Content starts

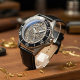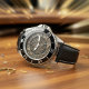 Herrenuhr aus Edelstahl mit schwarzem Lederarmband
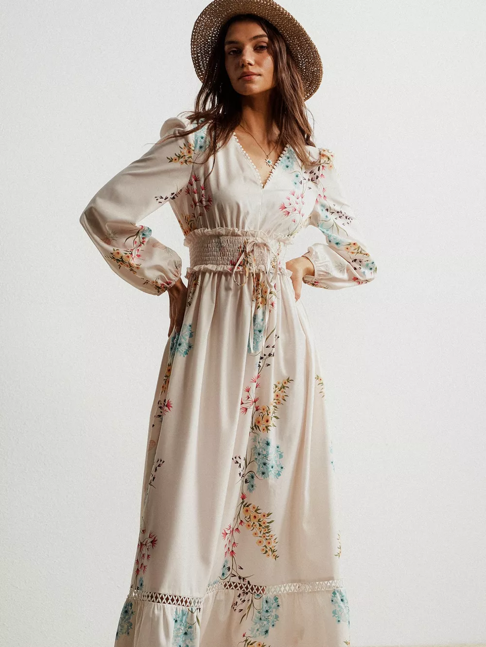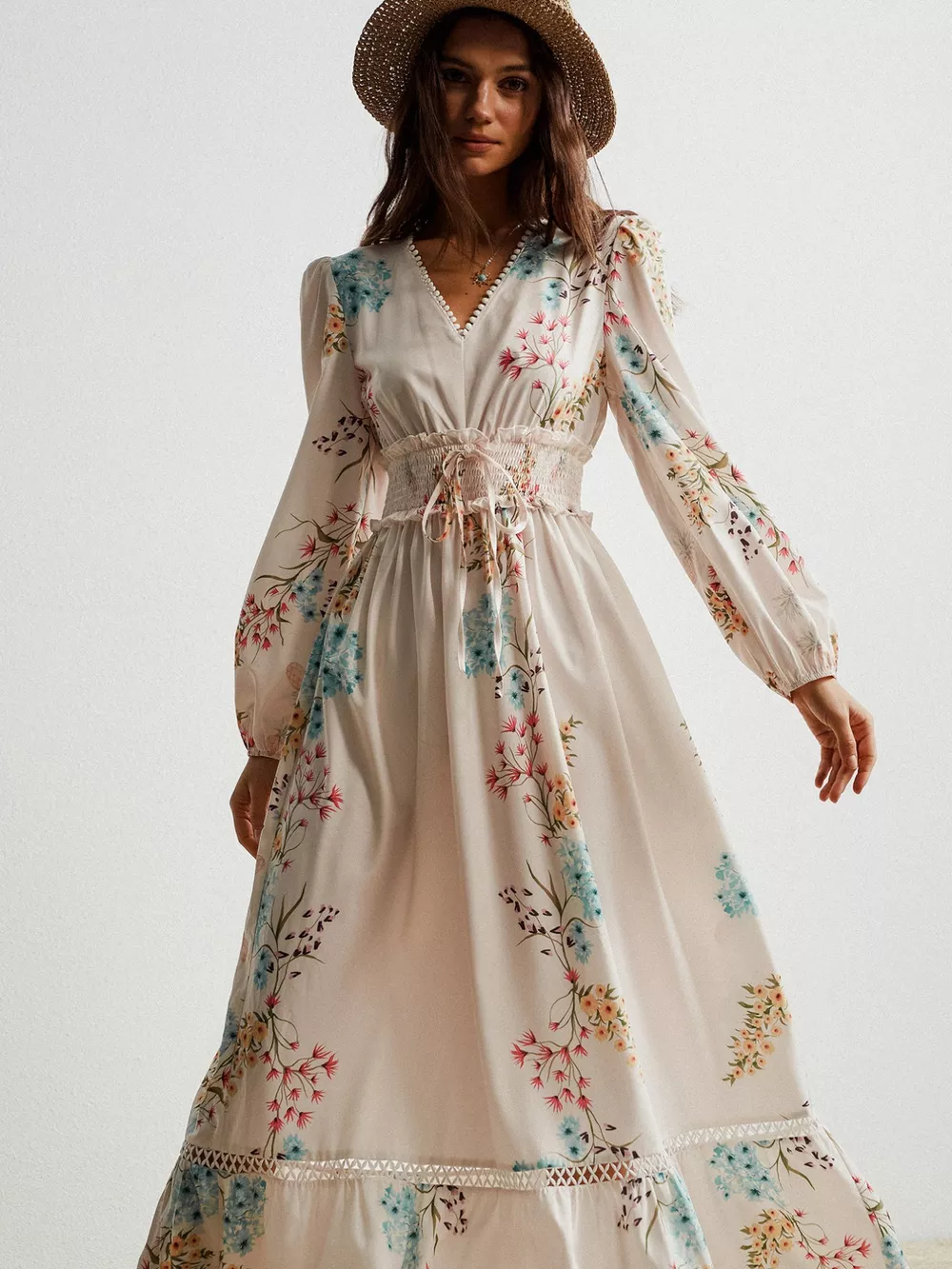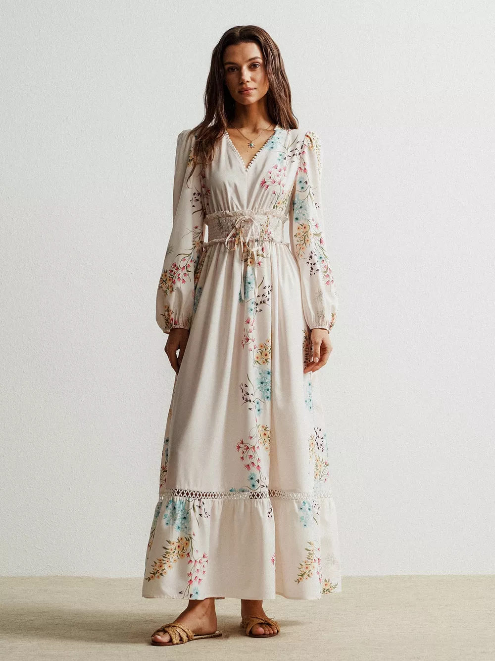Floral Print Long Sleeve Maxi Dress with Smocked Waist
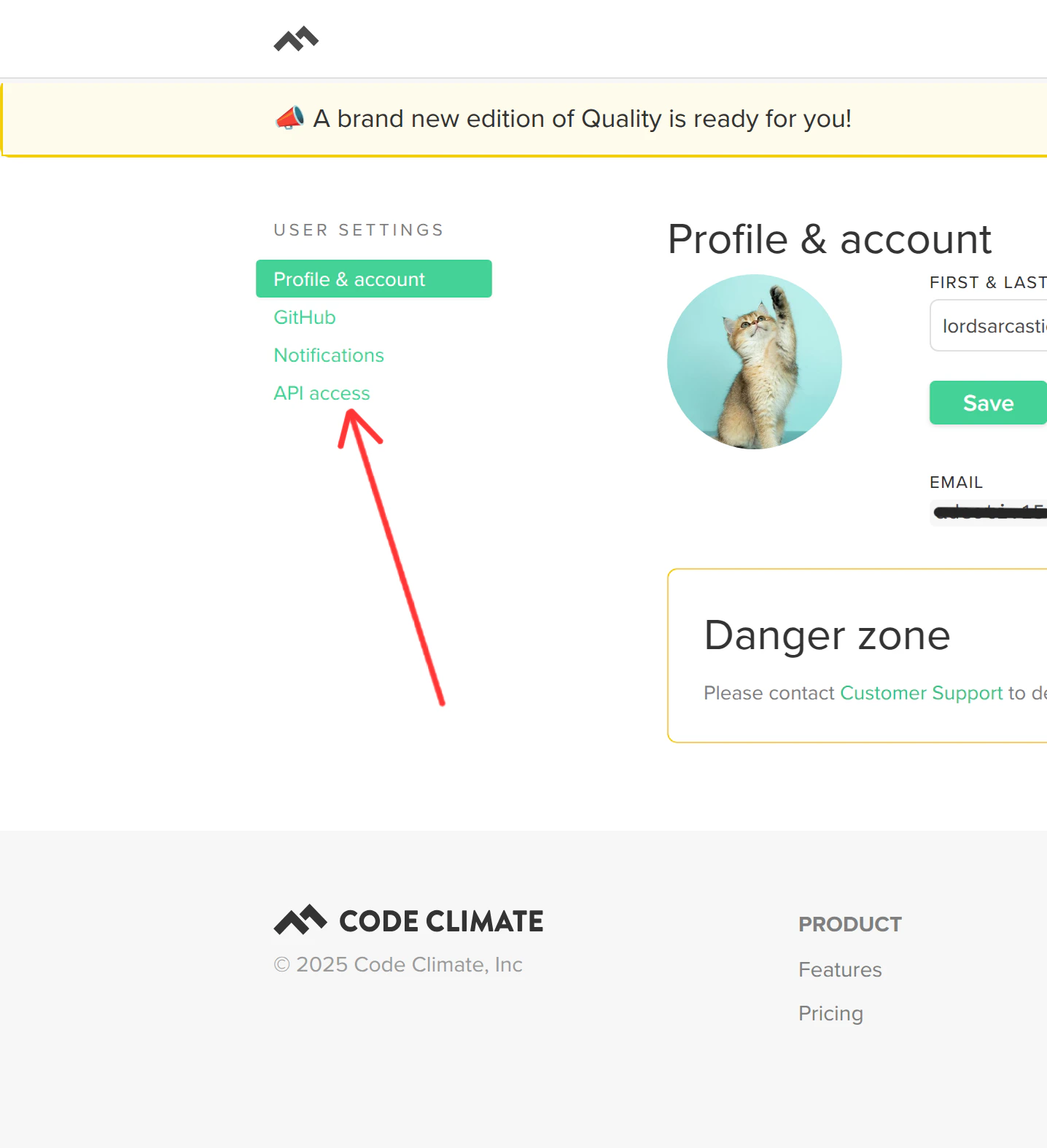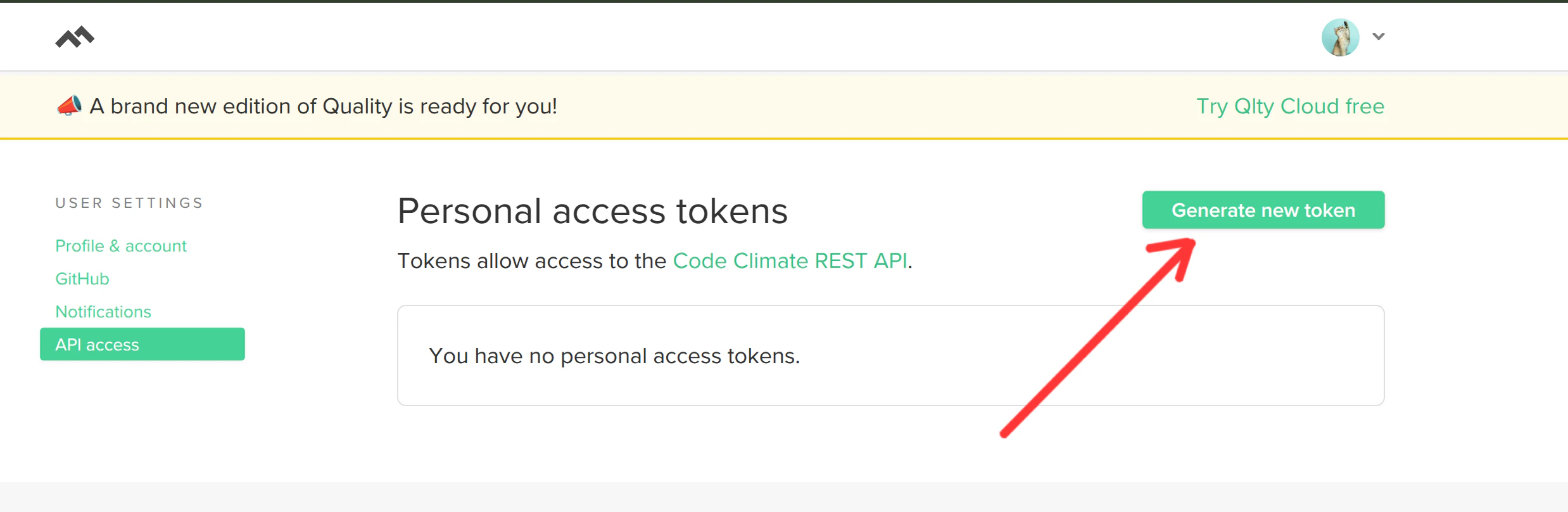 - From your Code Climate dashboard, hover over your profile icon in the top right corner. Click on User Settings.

Content ends

**WORK ITEM:** Leaving every picture aside, repeat the listing exactly.

**ANSWER:**
 Herrenuhr aus Edelstahl mit schwarzem Lederarmband
Floral Print Long Sleeve Maxi Dress with Smocked Waist
 - From your Code Climate dashboard, hover over your profile icon in the top right corner. Click on User Settings.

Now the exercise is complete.